▶ _Records for the task_
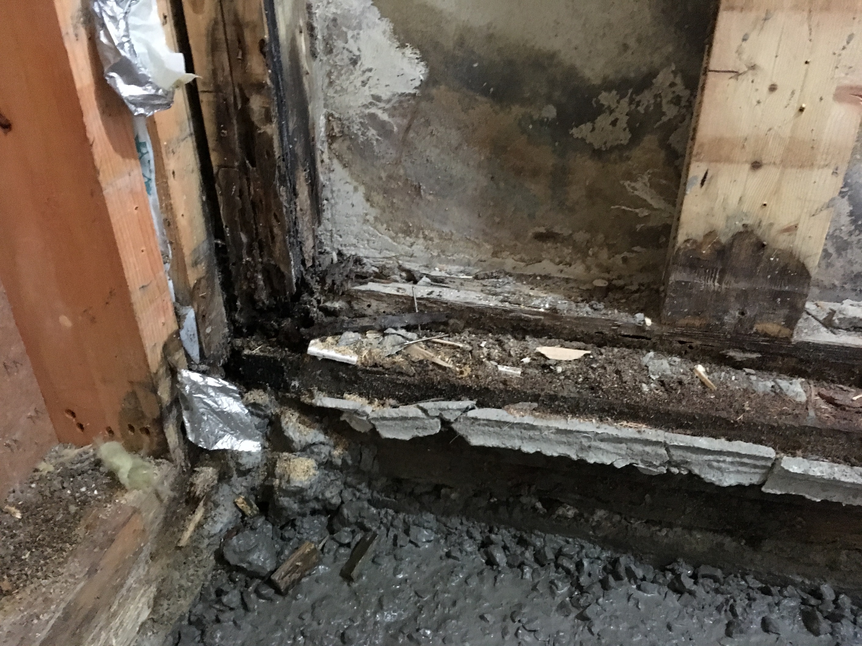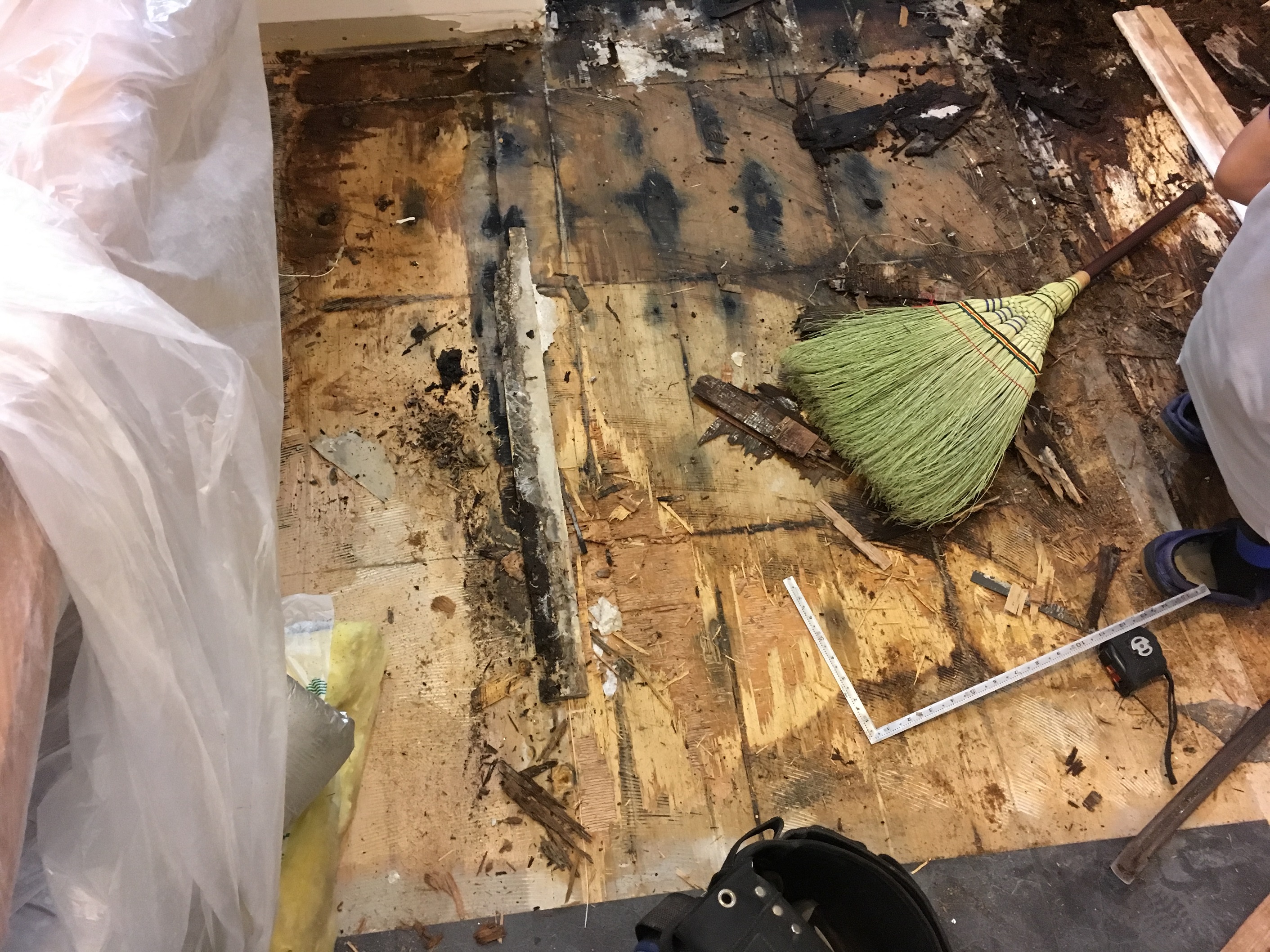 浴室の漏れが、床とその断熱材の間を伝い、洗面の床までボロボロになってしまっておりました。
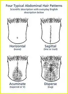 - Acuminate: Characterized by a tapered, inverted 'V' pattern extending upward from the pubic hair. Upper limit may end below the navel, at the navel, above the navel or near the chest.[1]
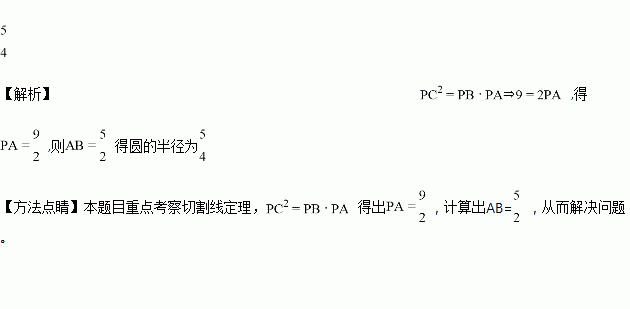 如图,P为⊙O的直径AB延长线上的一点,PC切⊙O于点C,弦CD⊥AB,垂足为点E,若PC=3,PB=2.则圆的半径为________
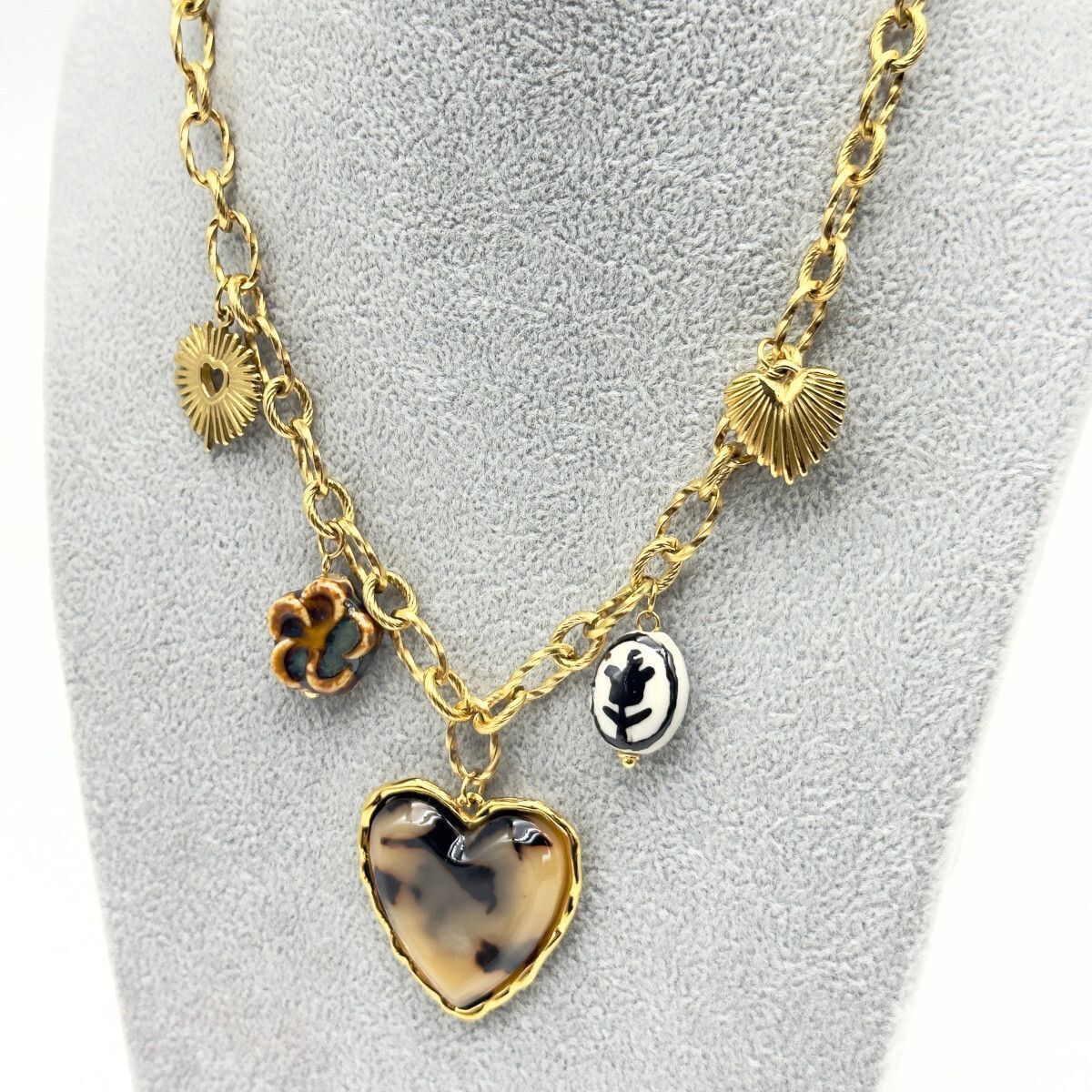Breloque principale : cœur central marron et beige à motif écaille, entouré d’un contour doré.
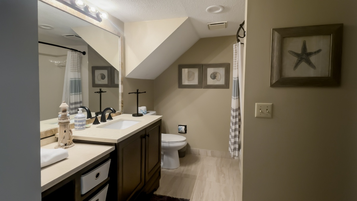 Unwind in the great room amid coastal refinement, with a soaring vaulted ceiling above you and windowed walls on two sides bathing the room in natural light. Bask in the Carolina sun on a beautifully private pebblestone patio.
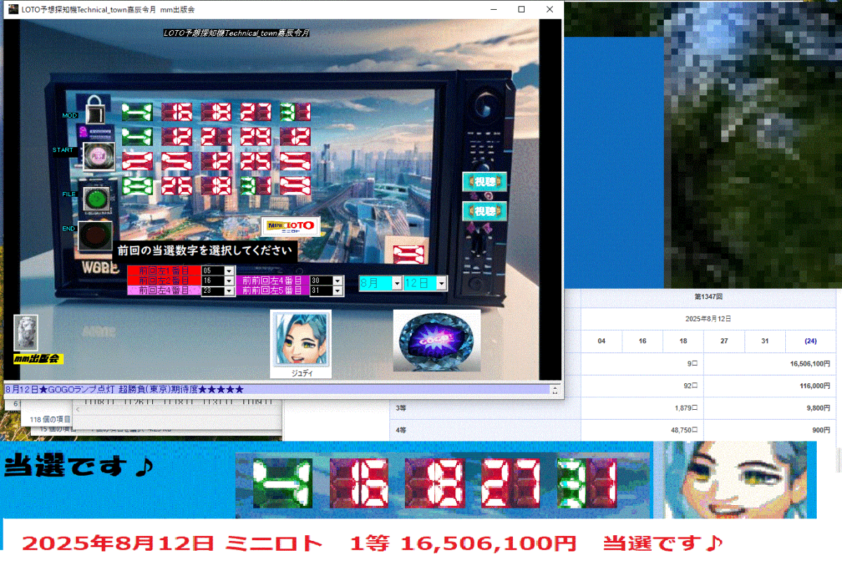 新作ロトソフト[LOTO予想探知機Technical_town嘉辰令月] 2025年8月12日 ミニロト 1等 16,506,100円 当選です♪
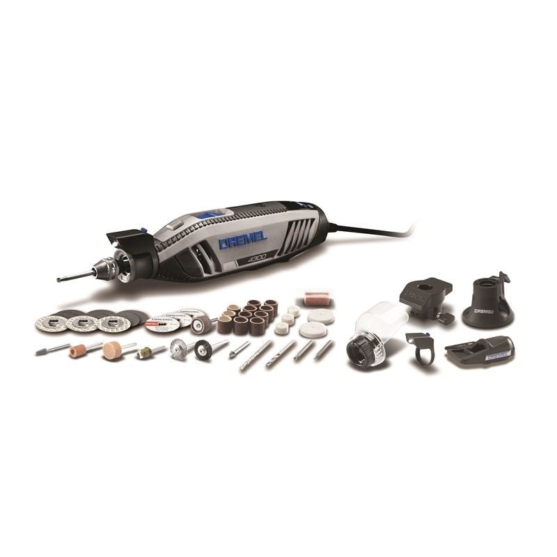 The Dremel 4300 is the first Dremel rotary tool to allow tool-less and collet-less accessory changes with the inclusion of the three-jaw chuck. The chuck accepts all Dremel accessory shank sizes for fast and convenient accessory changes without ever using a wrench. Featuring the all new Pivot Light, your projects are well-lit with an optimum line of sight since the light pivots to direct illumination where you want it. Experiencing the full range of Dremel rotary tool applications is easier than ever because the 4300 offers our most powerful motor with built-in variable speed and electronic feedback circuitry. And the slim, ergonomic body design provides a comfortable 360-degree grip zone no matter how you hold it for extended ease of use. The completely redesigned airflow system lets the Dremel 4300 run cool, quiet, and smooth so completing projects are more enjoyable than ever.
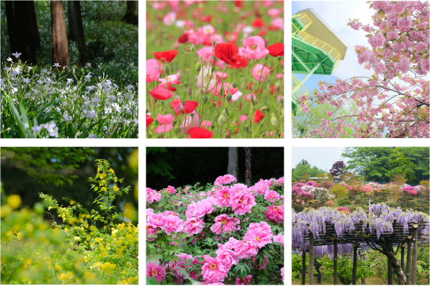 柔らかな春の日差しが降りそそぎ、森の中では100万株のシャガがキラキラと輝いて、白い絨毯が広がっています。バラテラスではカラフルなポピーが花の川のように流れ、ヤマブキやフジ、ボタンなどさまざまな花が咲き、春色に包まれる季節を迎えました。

▶ _Directions for this task_
For the entries above, print exactly the lines between the one with "如图,P为⊙O的直径AB延长" and the one with "新作ロトソフト[LOTO予想探知機Technical_town嘉辰令月] 2025年8月12日 ミニロト", inclusive, with no pictures.

▶ _Answer for this exercise_
 如图,P为⊙O的直径AB延长线上的一点,PC切⊙O于点C,弦CD⊥AB,垂足为点E,若PC=3,PB=2.则圆的半径为________
Breloque principale : cœur central marron et beige à motif écaille, entouré d’un contour doré.
 Unwind in the great room amid coastal refinement, with a soaring vaulted ceiling above you and windowed walls on two sides bathing the room in natural light. Bask in the Carolina sun on a beautifully private pebblestone patio.
 新作ロトソフト[LOTO予想探知機Technical_town嘉辰令月] 2025年8月12日 ミニロト 1等 16,506,100円 当選です♪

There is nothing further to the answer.